Тогда же я покупала ликеры в маленьких бутылочках: мокко, шоколадный, кофейный, яичный; еще какие-то были, но они мне понравились меньше. Перечисленное я брала по второму кругу, поэтому и запомнила. Еще был рижский бальзам. Это было странное время, когда самые необходимые вещи начинали исчезать из магазинов, но вдруг привозили что-нибудь необычное - как эти ликеры, например. Их везли из Прибалтики. Продолжалось это недолго, но все же было время, когда их было много, и их не особенно брали: потому что все-таки они были дороги. Я уже писала, что мне было не на что тратить деньги. Деньги лежали в шкафу, и я не могла придумать, на что они годятся. На крупную покупку их уже не хватало. Надо было бы, конечно, купить посуду, сковородку какую-нибудь, да все не выходило по пути. Кофейный ликер крепко отдавал настоем кофе, спиртом и ванилином. Он был сладкий с горечью и нравился мне больше других, его я пила отдельно, из небольшой чашки. Мокко был слишком сладок, но хорошо было добавлять его в кофе. У мокко был вкус кофе, а у шоколадного ликера - шоколада и ванили, он тоже был сладок, и его тоже хорошо было добавлять в кофе. Я пила кофе утром, днем и вечером. Экспериментировала: ложила в кофе мяту, и тертый шоколад, и дольки апельсина и лимона вместе с натертой цедрой, и сливки, и корицу с гвоздикой, и кипятила коньяк для запаха, а сверху опускала лед. Часто на запах кто-нибудь заглядывал. Иногда заходили или приезжали друзья, чаще всего это была наша свидетельница, учившаяся в пединституте. Когда я была дома, она надувала себе матрас; если я отсутствовала - стелила на тахте под бамбуком. Она знала, где лежит ключ. Собственно, это все знали - все соседи и все знакомые. Ключ был один и хранили его на кухне, под кухонным столом. Нередко, отсутствуя несколько дней, я заставала кого-нибудь живущим в нашей комнате. Обычно тот, кто приезжал ко мне, занимался готовкой и долго удивлялся, почему у нас нет нормальной посуды. Зато я научилась смешивать коктейли и готовить всякий необычный кофе.
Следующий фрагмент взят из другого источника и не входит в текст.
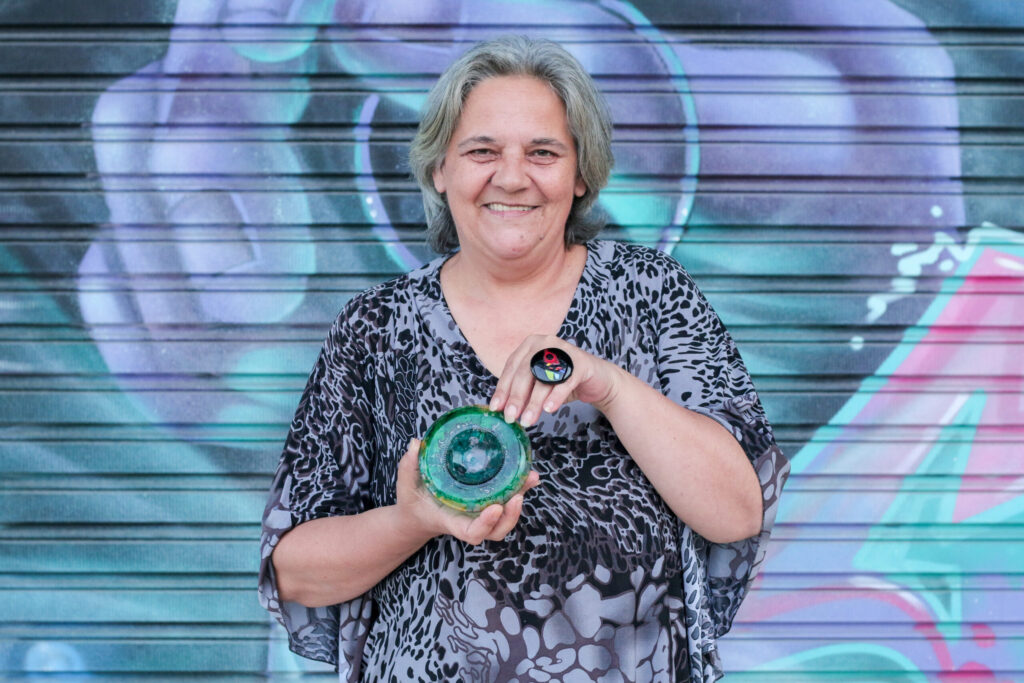Guia de turismo e empreendedora, Angélica conheceu a Fundição em 2023, quando ainda trabalhava em feiras no calçadão de Matinhos. “Quando soube que o vidro seria reaproveitado, quis participar. O Litoral não tinha destino certo para esse material, e agora ele vira arte e renda”.

Ликеры, темные, густые и горько-сладкие, скрасили мне существование на целую неделю. В них был привкус детства и моего счастливого студенчества. Мир стал теплее и как-то одновременно несколько острее и нежнее. Кто-то из самарских друзей- медиков, заехав в эту неделю ко мне с ночевкой и сказав о ликерах: " как лихо ты их хлещешь", пообещал мне, что я сопьюсь. Но ликерных красок и ощущений мне хватило именно на неделю. Потом, года через два, я вспоминала свои ликеры, когда кто-то из врачей получил квартиру, и за стенкой поселился новый сосед - молодой специалист, патологоанатом. У патологоанатома имелись жена и маленький сын, но жили они

не с ним. Сосед работал в своем морге на полторы ставки, чтобы обеспечить жене и сыну нормальное существование (к его появлению у нас в общежитии Союза уже не было, быстро росла инфляция), а вечерами пил. Он пил целый месяц, пил в одиночку - возвращался хмурый, запирался, за несколько часов выпивал бутылку водки, а потом выходил на кухню, где всегда был народ, и, ничего не говоря, смотрел на нас счастливыми удивленными глазами. У него это продолжалось месяц - потом прошло. К слову, теперь он работает наркологом.

***

А осень между тем шла, и была теплой. За всю жизнь я запомнила только еще одну такую же мягкую осень. В сентябре мы в одних купальниках и босиком доделывали какие-то дачные работы и собирали большие, согретые солнцем яблоки в Переволоках, а в ноябре еще шли грозы. Числа третьего или четвертого ноября, я, перед работой во вторую смену, долго стояла под калиной, росшей во дворе у дома свекрови - под дождем, лишь чуть-чуть смягченным ветвями и кистями красных ягод, в легком фланелевом халате. Дождь был определенно теплый, не по-летнему, конечно, но все-таки слишком теплый для такой поздней осени. И протяжно, несколько раз, гремел гром. Дольше обычного не опадали листья, и иней лег на землю только 7-го или 8-го ноября.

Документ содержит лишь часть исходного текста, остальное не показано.